We had the campsite almost to ourselves, except for a couple of tenters and, oh yes, how can I not mention them: Die Deutschlanders. I’m laughing right now because you can spot them coming a mile away. Somebody in Canada must advertise heavily in Germany and Austria, because I’ve been running into people from there for the entire trip. They all rent supersize Class-C motorhomes, and they travel in what I’ve come to think of as Wolf Packs. That’s 2 to 4 RVs, all completely identical. They silently glide into a campsite, one right after another, then precision-park in sites next to each other. After that, they’re eerily quiet: what are they up to over there? The people are very friendly if I go talk to them, but keep within their own wagon circle otherwise. Generally, they don’t speak English well (dispelling my own myth that all Europeans speak better English than I do). Perhaps that’s why they keep to themselves. On the road, their Wolf Packs make little high-speed caravans, bobbing and weaving down the highways. The drivers are no doubt marvelling and cursing at these American behemoths they’re wrestling with, and missing their well-mannered BMWs and Mercedes-Benzes. Guten tag, wulfpackers! Auf wiedersehen!
Anyway, if you get the chance, take the Klondike Highway. It’s a real treat. At the southern end of the highway, we stopped in Whitehorse to resupply, then headed for Watson Lake (again) for regrouping, laundry, and roughing out the plan for the rest of the trip.
Then we charged down the Cassiar Highway (37). Wow, it was the worst road besides Top Of The World. The views were great, but I really had to concentrate on driving. We stopped at a campground just south of Dease Lake, Tanzilla, run by the local Lion’s Club. Had the place to ourselves. Completely. Which was odd, given the number of tourists on the road. Really neat campground, in a woodsy area right on the river. Finally, when it started getting dusk-ish (aka “night” up there), an old guy rolls in in a pickup. Says that there have been a few bear incidents around there, and they’re advising folks not to stay in that campground. Oh. Well. Good to know. So, off we go to another campground down the road a bit, this one full of RVs. Not as pretty, but no “incidents” (which I didn’t want to know the local definition of).
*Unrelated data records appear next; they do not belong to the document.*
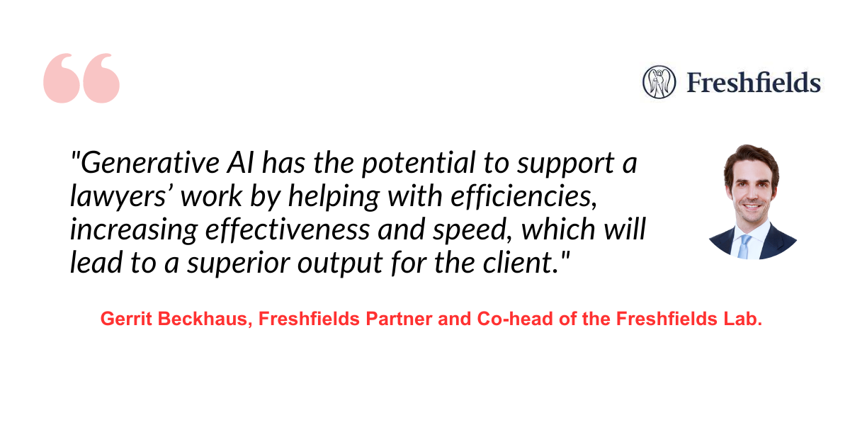 Generative AI will fundamentally change the way we work in the legal industry, says Dr. Gerrit Beckhaus, Freshfields Partner and Co-head of the Freshfields Lab.
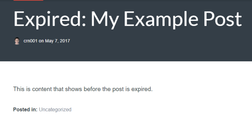 Kemudian, ketika tanggal itu tiba, plugin akan secara otomatis menambahkan teks sebelum judul posting yang menunjukkan bahwa itu kedaluwarsa:
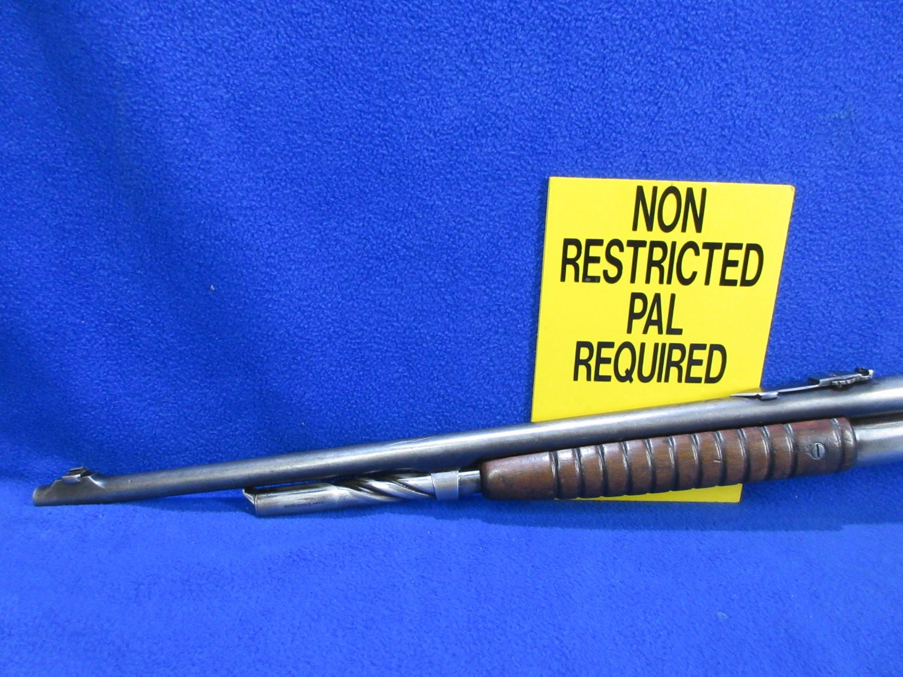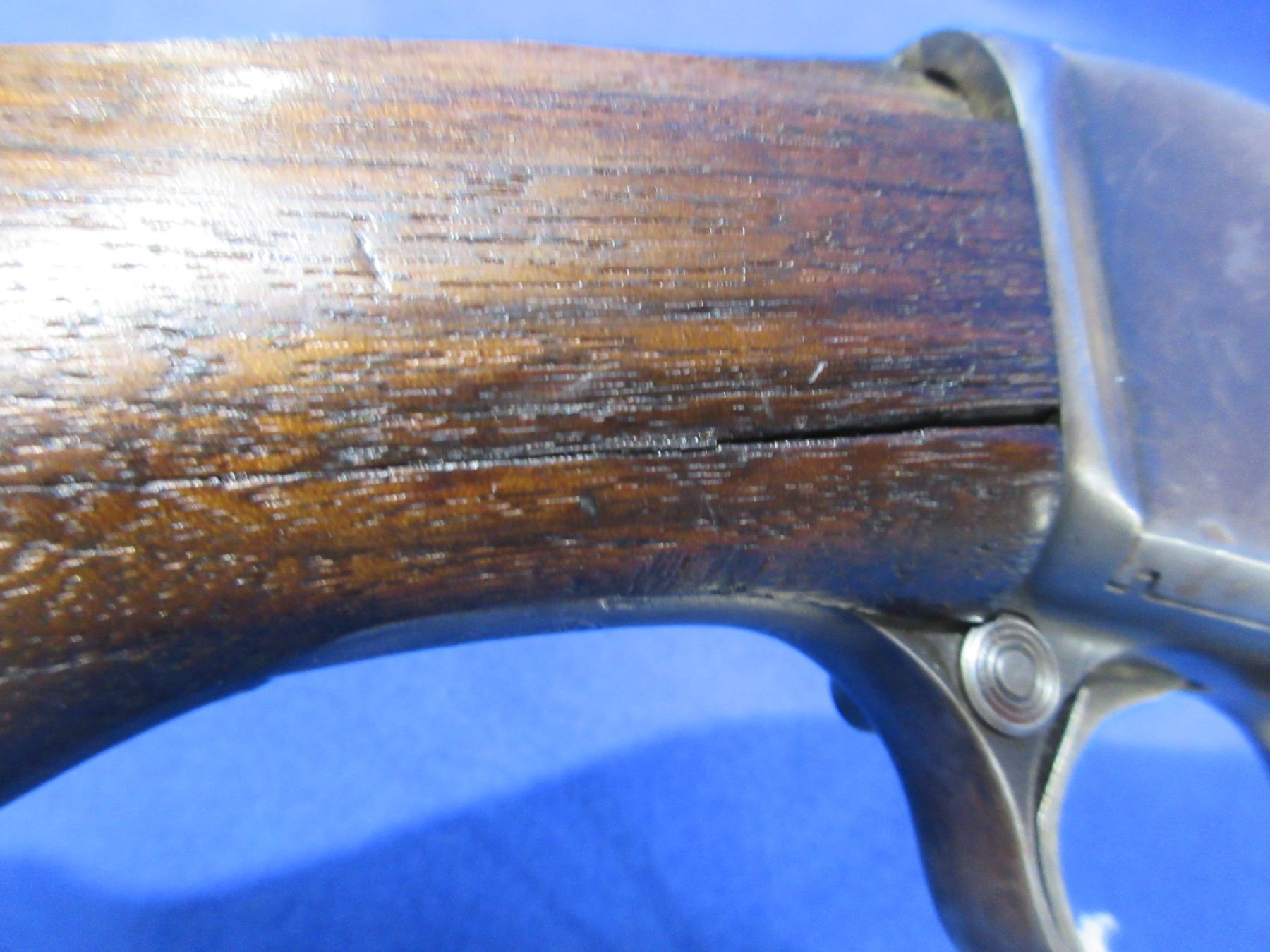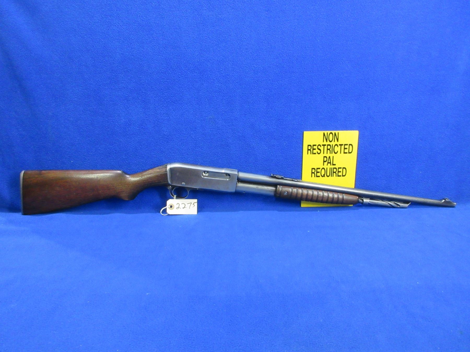 Non-Restricted - Remington Model 14 in 32 Rem. - This is a pump action takedown rifle with tube magazine, action appears to be in good working order but should not be fired as the stock has cracks. Barrel is 22", rifling is good to very good, bluing is turning grey or gone, has both sights, stock is cracked and chipped in the wrist area, forearm is good with usage marks, length of pull is 13 1/2", metal butt plate good. Ser # 62274

Today was a completely different story. We hit good pavement, and the views were spectacular. Easily the most beautiful stretch of the entire trip. I can’t recommend it highly enough. Took the 37A spur off to Stewart BC / Hyder Alaska (the self-titled bear viewing capitals of the world). The drive was glorious, the glaciers were stunning, and the towns were cute. Well, Stewart was. Hyder was kind of an ugly little sprawl in comparison, but it did have a very nice welcoming committee of two road dogs who ran up and said hi to Mayo. There weren’t any bears anywhere around either town or the visitor section of the big national park–today’s entire critter count was made along the 37 proper.